Forum Moderators: phranque
Anyway, I still feel uncertain as to whether or not I've found the "definitive" answers I so desperately want.
1) No Index code for Wp: From what I've read the first thing I want to do is to address what URLs are indexed. We want only the index, pages, and posts to be indexed. This is accomplished by way of adding the following code to the header.php:
<?php if(is_home() ¦¦ is_single() ¦¦ is_page()){
echo "<meta name=\"robots\" content=\"index,follow\">";
} else {
echo "<meta name=\"robots\" content=\"noindex,follow\">";
}?>
2) 301 code to modify the WordPress .htaccess code: Our goal here is to resolve any canonical issues with a 301 redirect...
<IfModule mod_rewrite.c>
RewriteEngine On
RewriteBase /
RewriteCond %{HTTP_HOST} ^domain\.com
RewriteRule (.*) [domain.com...] [R=301,L]
</IfModule>
However, this does not seem to redirect the /index.php to the root directory. I was unable to figure this one out...HELP?
Then, I saw discussion of code to rewrite all pages generated by wordpress (ex. www.domain.com/page1; www.domain.com/category/page1) to pages with / at the end of them, because of dup. content issues without rewriting real files, like wp-admin.php or wp-login.php, and basically all physical files on server. Just 301 redirected from page to page/ will be great, again w/o having any affection to physical files...Again, HELP?
3) Lastly, is the robot.txt file. Lots of people doing things differently.
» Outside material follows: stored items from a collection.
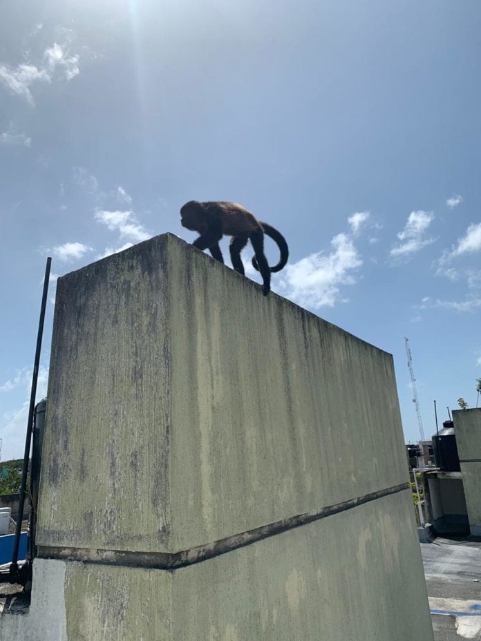 Playa del Carmen.- Un mono saraguato que se paseaba entre los tejados del fraccionamiento Las Palmas 2, fue rescatado esta tarde por personal del Ayuntamiento.
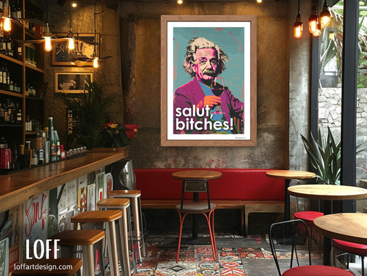 Einstein's Cheers Pop Art Print - Canvas - Wall Art - Home Decor - Gift- Original Illustration
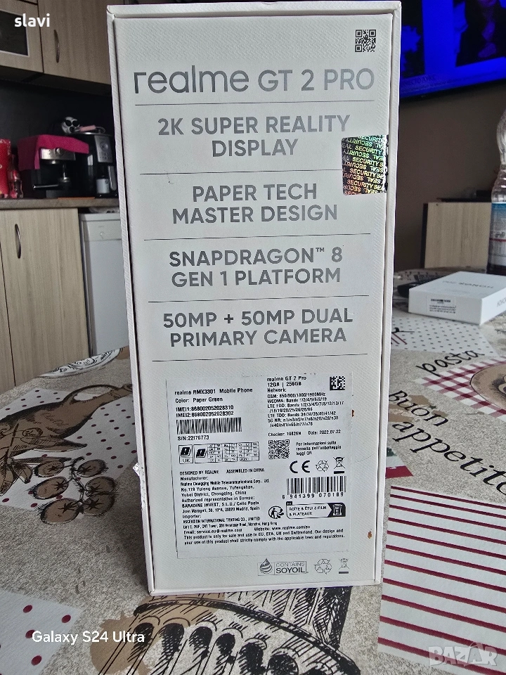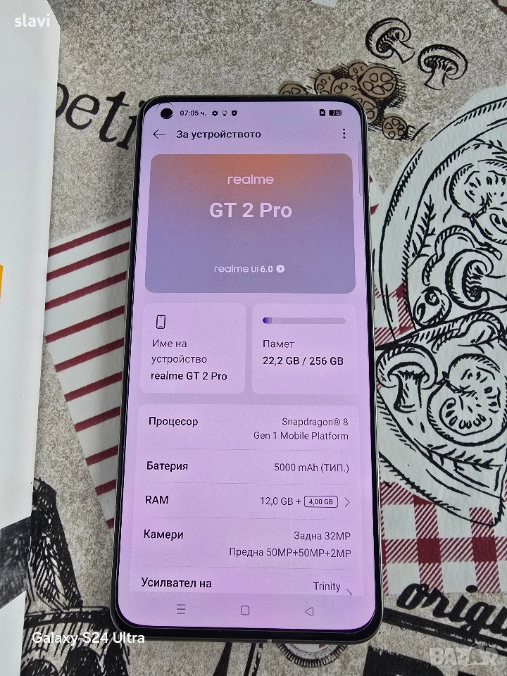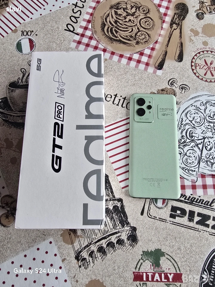 Realme GT2 Pro 5G 12/256GB.Телефона е пълен комплект без абсолютно никакви забележки като нов.Работи перфектно благодарение на флагманския процесор с който е оборудван а именно Snapgragon 8 Gen 1.Снима много добре,батерията е в отлично здраве.Продава се с оригиналния адаптер и кабел.Цена 230€.

I found the following, which seemed the most comprehensive, but is it overkill?
User-agent: *
# disallow all files in these directories
Disallow: /cgi-bin/
Disallow: /z/j/
Disallow: /z/c/
Disallow: /stats/
Disallow: /dh_
Disallow: /about/
Disallow: /contact/
Disallow: /tag/
Disallow: /wp-admin/
Disallow: /wp-includes/
Disallow: /contact
Disallow: /manual
Disallow: /manual/*
Disallow: /phpmanual/
Disallow: /category/
User-agent: Googlebot
# disallow all files ending with these extensions
Disallow: /*.php$
Disallow: /*.js$
Disallow: /*.inc$
Disallow: /*.css$
Disallow: /*.gz$
Disallow: /*.wmv$
Disallow: /*.cgi$
Disallow: /*.xhtml$
# disallow all files with? in url
Disallow: /*?*
# disable duggmirror
User-agent: duggmirror
Disallow: /
# allow google image bot to search all images
User-agent: Googlebot-Image
Disallow:
Allow: /*
# allow adsense bot on entire site
User-agent: Mediapartners-Google*
Disallow:
Allow: /*
Thanks in advance for any advice and help! Everyone on this forum is an invaluable wealth of information.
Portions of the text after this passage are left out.